COSY-90 is the most common COSY experiment. In COSY-90, the p1 pulse tilts the nuclear spin by 90°. Another member of the COSY family is COSY-45. In COSY-45 a 45° pulse is used instead of a 90° pulse for the second pulse, p2. The advantage of a COSY-45 is that the diagonal-peaks are less pronounced, making it simpler to match cross-peaks near the diagonal in a large molecule. Additionally, the relative signs of the coupling constants can be elucidated from a COSY-45 spectrum. This is not possible using COSY-90. Overall, the COSY-45 offers a cleaner spectrum while the COSY-90 is more sensitive.
Another related COSY technique is double quantum filtered COSY. DQF COSY uses a coherence selection method such as phase cycling or pulsed field gradients, which cause only signals from double-quantum coherences to give an observable signal. This has the effect of decreasing the intensity of the diagonal peaks and changing their lineshape from a broad "dispersion" lineshape to a sharper "absorption" lineshape. It also eliminates diagonal peaks from uncoupled nuclei. These all have the advantage that they give a cleaner spectrum in which the diagonal peaks are prevented from obscuring the cross peaks, which are weaker in a regular COSY spectrum.
Exclusive correlation spectroscopy (ECOSY)

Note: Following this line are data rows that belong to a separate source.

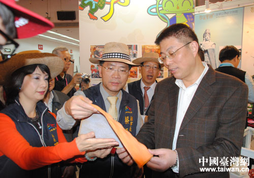 11月9日上午,北京市副市長戴均良(右)在臺中市副市長蔡炳坤(中)和臺中市文化局長葉樹姍(左)陪同下,參觀第八屆文博會臺灣文創(chuàng)精品館。(中國臺灣網(wǎng)北京通訊員 郭寧 攝)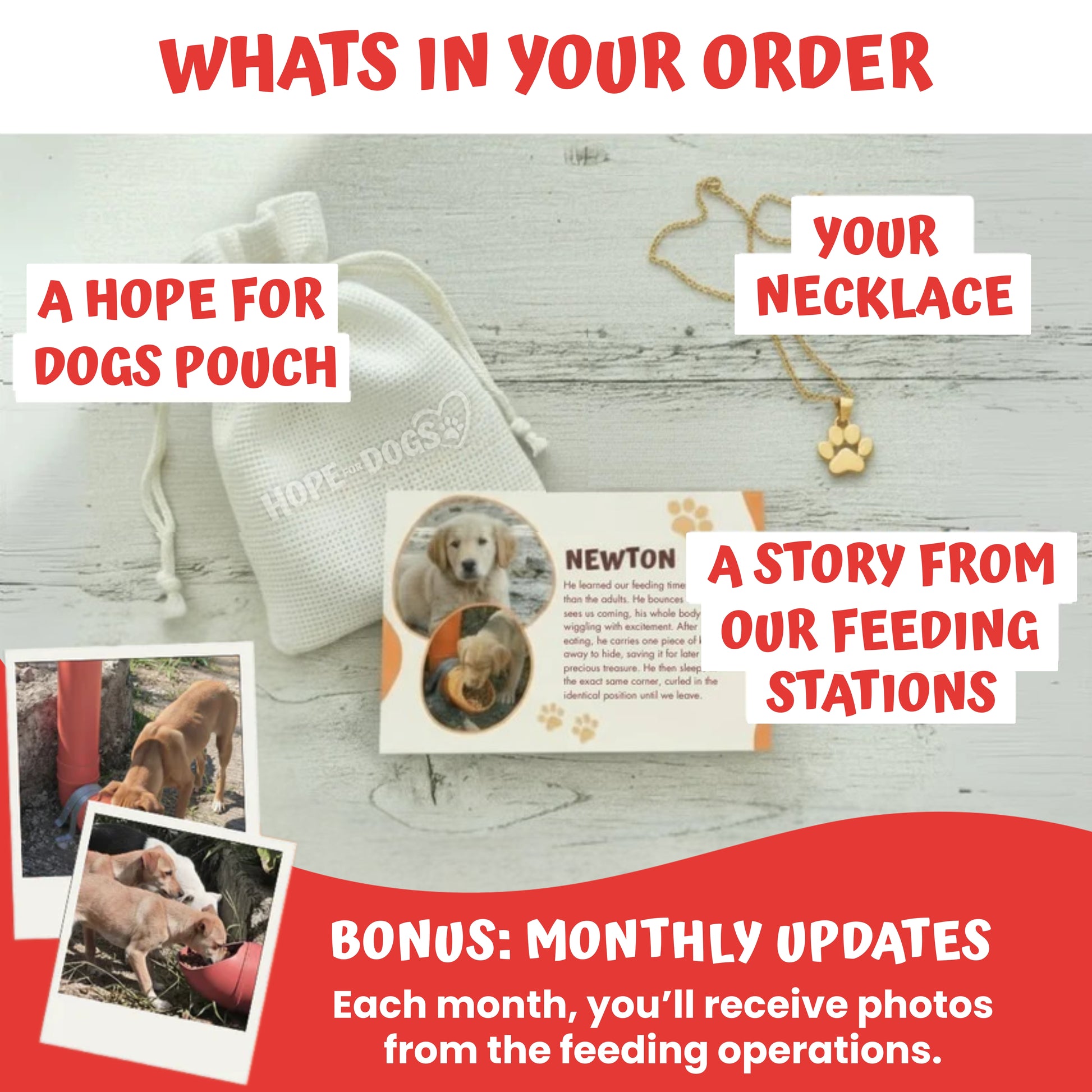 Every item helps us provide 10 meals to abandoned dogs. It's simple. It's real. And it's already working.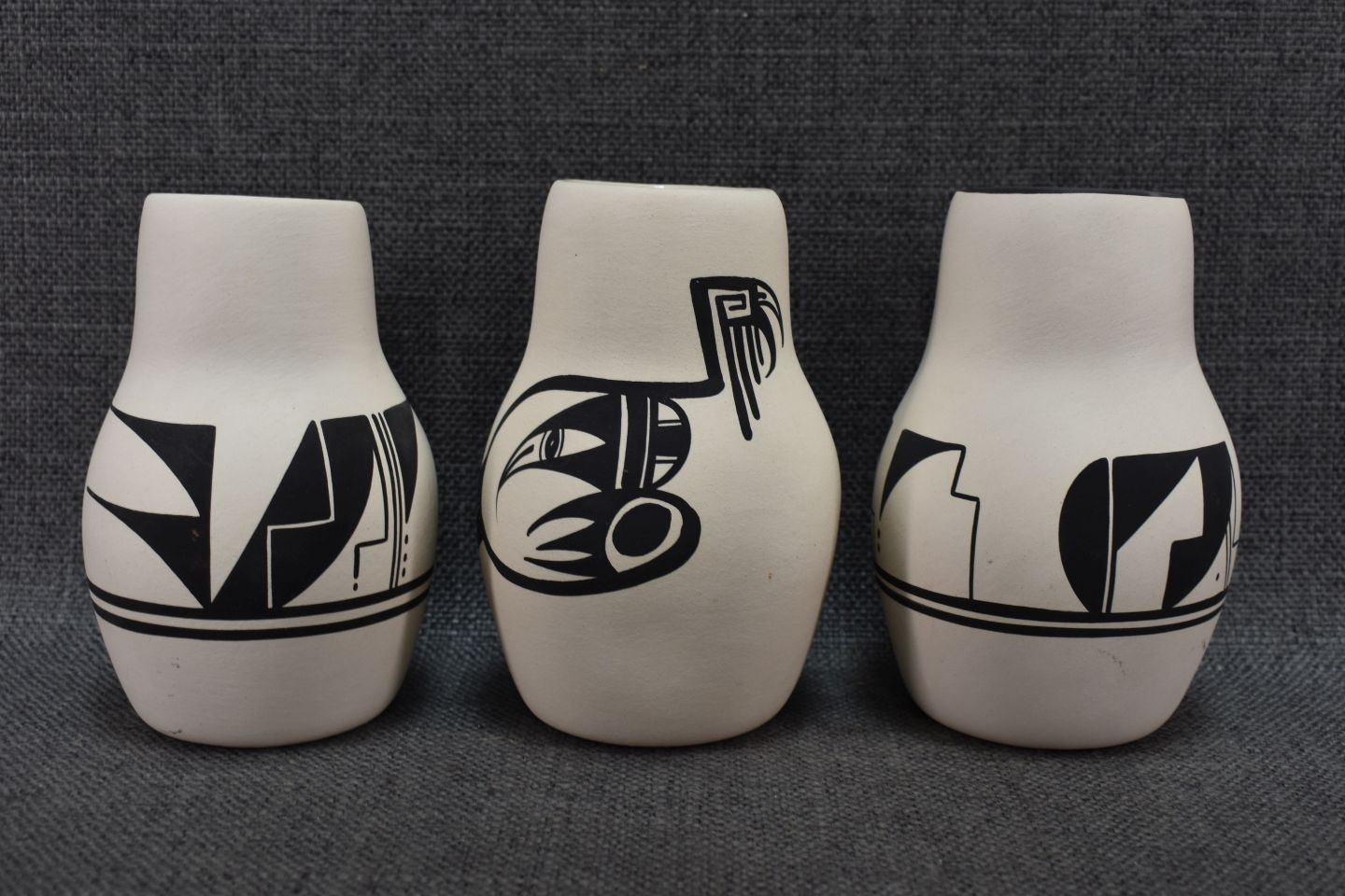 1980's ceramic pitchers with southwest design one signed N.L. other two signed Ute mtn Tribe IH 4.75" x 3.5"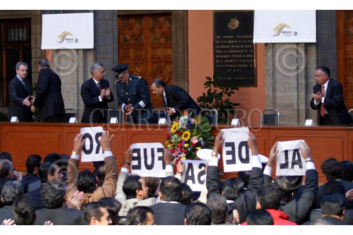 MEXICO, D.F. 21MARZO2005.- La pancarta en pro del jefe de Gobierno capitalino, Andrés Manuel López Obrador, fue mostrada varias veces durante la ceremonia del CXCIX aniversario del natalicio del Benemèrito de las Amèricas, Benito Juàrez, encabezada por el secretario de Gobernación, Santiago Creel. FOTO: Sandra Perdomo/CUARTOSCURO.COM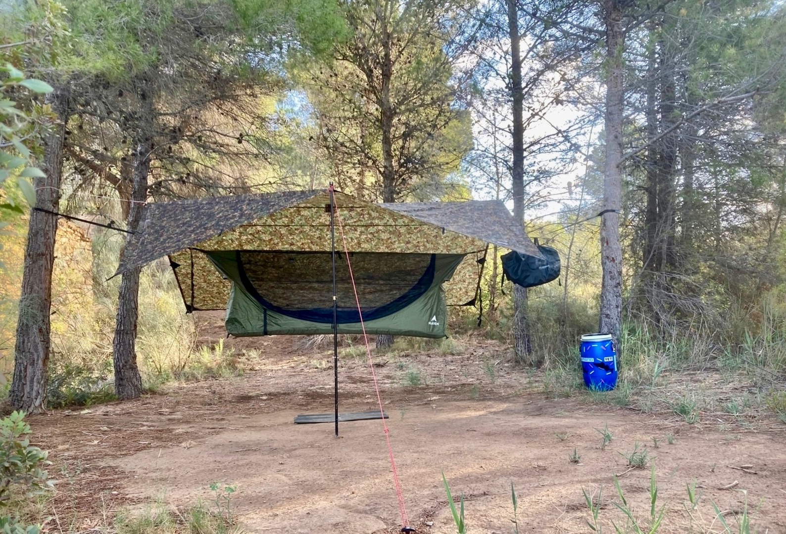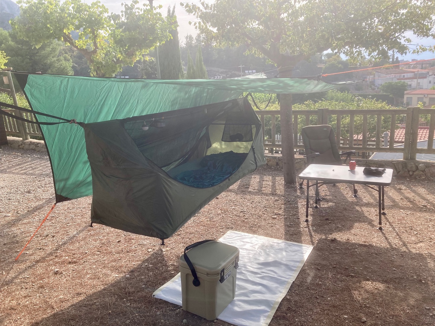 Ich spanne mir eine Ridgeline übers Haventent und darüber dann ein 3x3 Meter Tarp oder wie auf dem Foto das Hennessy Hexatarp . Allerdings dient ein Tarp bei mir eher als Sonnenschutz und weniger als Regenschutz.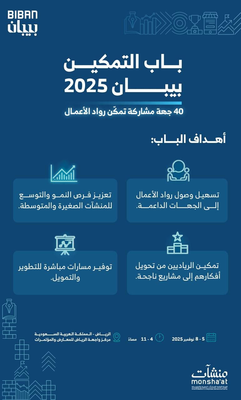 40 جهة حكومية وممكنة تقدم خدماتها لرواد الأعمال في "بيبان 2025"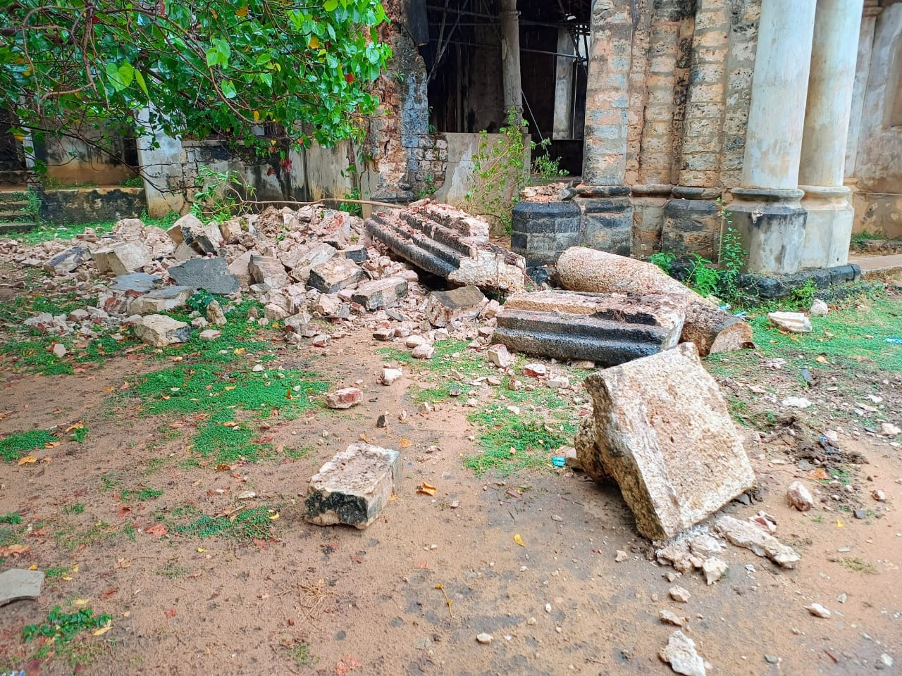 அந்தக் கட்டடம் உடைந்து விழும் நிலையில் காணப்பட்டிருந்ததால்,அதற்கு முட்டுக்கொடுத்து கம்பிகள் நடப்பட்டிருந்தன.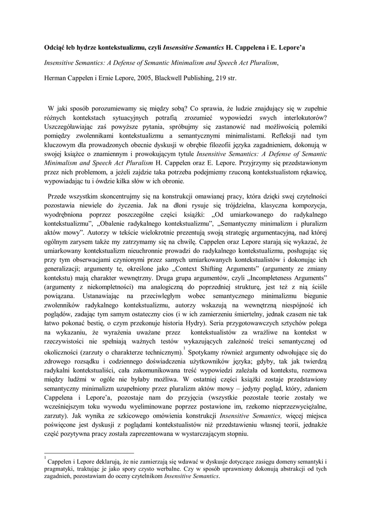 Odciąć łeb hydrze kontekstualizmu, czyli Insensitive Semantics H. Cappelena i E. Lepore’a Insensitive Semantics: A Defense of Semantic Minimalism and Speech Act Pluralism, Herman Cappelen i Ernie Lepore, 2005, Blackwell Publishing, 219 str. W jaki sposób porozumiewamy się między sobą? Co sprawia, że ludzie znajdujący się w zupełnie różnych kontekstach sytuacyjnych potrafią zrozumieć wypowiedzi swych interlokutorów? Uszczegóławiając zaś powyższe pytania, spróbujmy się zastanowić nad możliwością polemiki pomiędzy zwolennikami kontekstualizmu a semantycznymi minimalistami. Refleksji nad tym kluczowym dla prowadzonych obecnie dyskusji w obrębie filozofii języka zagadnieniem, dokonują w swojej książce o znamiennym i prowokującym tytule Insensitive Semantics: A Defense of Semantic Minimalism and Speech Act Pluralism H. Cappelen oraz E. Lepore. Przyjrzymy się przedstawionym przez nich problemom, a jeżeli zajdzie taka potrzeba podejmiemy rzuconą kontekstualistom rękawicę, wypowiadając tu i ówdzie kilka słów w ich obronie. Przede wszystkim skoncentrujmy się na konstrukcji omawianej pracy, która dzięki swej czytelności pozostawia niewiele do życzenia. Jak na dłoni rysuje się trójdzielna, klasyczna kompozycja, wyodrębniona poprzez poszczególne części książki: „Od umiarkowanego do radykalnego kontekstualizmu”, „Obalenie radykalnego kontekstualizmu”, „Semantyczny minimalizm i pluralizm aktów mowy”. Autorzy w tekście wielokrotnie prezentują swoją strategię argumentacyjną, nad której ogólnym zarysem także my zatrzymamy się na chwilę. Cappelen oraz Lepore starają się wykazać, że umiarkowany kontekstualizm nieuchronnie prowadzi do radykalnego kontekstualizmu, posługując się przy tym obserwacjami czynionymi przez samych umiarkowanych kontekstualistów i dokonując ich generalizacji; argumenty te, określone jako „Context Shifting Arguments” (argumenty ze zmiany kontekstu) mają charakter wewnętrzny. Druga grupa argumentów, czyli „Incompleteness Arguments” (argumenty z niekompletności) ma analogiczną do poprzedniej strukturę, jest też z nią ściśle powiązana. Ustanawiając na przeciwległym wobec semantycznego minimalizmu biegunie zwolenników radykalnego kontekstualizmu, autorzy wskazują na wewnętrzną niespójność ich poglądów, zadając tym samym ostateczny cios (i w ich zamierzeniu śmiertelny, jednak czasem nie tak łatwo pokonać bestię, o czym przekonuje historia Hydry). Seria przygotowawczych sztychów polega na wykazaniu, że wyrażenia uważane przez kontekstualistów za wrażliwe na kontekst w rzeczywistości nie spełniają ważnych testów wykazujących zależność treści semantycznej od 1 okoliczności (zarzuty o charakterze technicznym). Spotykamy również argumenty odwołujące się do zdrowego rozsądku i codziennego doświadczenia użytkowników języka; gdyby, tak jak twierdzą radykalni kontekstualiści, cała zakomunikowana treść wypowiedzi zależała od kontekstu, rozmowa między ludźmi w ogóle nie byłaby możliwa. W ostatniej części książki zostaje przedstawiony semantyczny minimalizm uzupełniony przez pluralizm aktów mowy – jedyny pogląd, który, zdaniem Cappelena i Lepore’a, pozostaje nam do przyjęcia (wszystkie pozostałe teorie zostały we wcześniejszym toku wywodu wyeliminowane poprzez postawione im, rzekomo nieprzezwyciężalne, zarzuty). Jak wynika ze szkicowego omówienia konstrukcji Insensitive Semantics, więcej miejsca poświęcone jest dyskusji z poglądami kontekstualistów niż przedstawieniu własnej teorii, jednakże część pozytywna pracy została zaprezentowana w wystarczającym stopniu. 1 Cappelen i Lepore deklarują, że nie zamierzają się wdawać w dyskusje dotyczące zasięgu domeny semantyki i pragmatyki, traktując je jako spory czysto werbalne. Czy w sposób uprawniony dokonują abstrakcji od tych zagadnień, pozostawiam do oceny czytelnikom Insensitive Semantics. Skoro mamy już pewne pojęcie o ogólnej strategii argumentacyjnej zastosowanej przez Cappelena i Lepore’a, rozwińmy nieco najważniejsze wątki wspomniane w poprzednim akapicie. Zanim to jednak uczynimy, kilka kwestii wymaga sprecyzowania. Po pierwsze, nasuwa się pytanie, czy semantyczny minimalizm odrzuca wrażliwość na kontekst wszystkich dosłownie wyrażeń. Odpowiedź jest przecząca, gdyż autorzy Insensitive Semantics uznają pewne słowa za prawdziwie zależne od kontekstu, podają też ich listę, opierając się na fundamentalnej pracy Kaplana. Do owej uprzywilejowanej grupy, zwanej zestawem podstawowym, należą (przedstawiam trochę okrojoną wersję): zaimki osobowe, zaimki wskazujące, przysłówki takie jak „tutaj”, „teraz”, „dzisiaj”, „wczoraj”, przymiotniki, np. „obecny”. W następnej kolejności wypada z kolei rozważyć następujące zagadnienie: w jaki sposób scharakteryzowany zostaje umiarkowany i radykalny kontekstualizm (powszechnie znaną prawdą jest przecież, że zwalczyć można tylko takiego wroga, którego oblicze się poznało). Umiarkowany kontekstualizm uznaje pewne wyrażenia spoza zestawu podstawowego za zależne od okoliczności dokonania wypowiedzi, a mówiąc nieco dokładniej zdanie Z, zawierające wrażliwe na kontekst wyrażenie w, bez uwzględnienia kontekstu nie wyraża pełnego sądu, czy też nie posiada możliwych do określenia warunków prawdziwości (oczywiście trzeba uważać, żeby 2 niekompletność ta nie była zależna od innych czynników, takich jak wieloznaczność lub nieostrość). Wyrażenia wskazywane przez umiarkowanych kontekstualistów jako podlegające kształtowaniu przez kontekst to m. in.: kwantyfikatory (w zdaniu „Wszystkie czereśnie są zerwane” zasięg kwantyfikatora zostaje ograniczony przez okoliczności np. do czereśni znajdujących się w konkretnym sadzie), przymiotniki porównawcze (zdanie „Jan jest wysoki” wymaga wskazania klasy przedmiotów, z któ

Total correlation spectroscopy (TOCSY)
The TOCSY experiment is similar to the COSY experiment, in that cross peaks of coupled protons are observed. However, cross peaks are observed not only for nuclei which are directly coupled, but also between nuclei which are connected by a chain of couplings. This makes it useful for identifying the larger interconnected networks of spin couplings. This ability is achieved by inserting a repetitive series of pulses which cause isotropic mixing during the mixing period. Longer isotropic mixing times cause the polarization to spread out through an increasing number of bonds.In the case of oligosaccharides, each sugar residue is an isolated spin system, so it is possible to differentiate all the protons of a specific sugar residue. A 1D version of TOCSY is also available, and by irradiating a single proton the rest of the spin system can be revealed. Recent advances in this technique include the 1D-CSSF TOCSY experiment, which produces higher quality spectra and allows coupling constants to be reliably extracted and used to help determine stereochemistry.
TOCSY is sometimes called "homonuclear Hartmann-Hahn spectroscopy".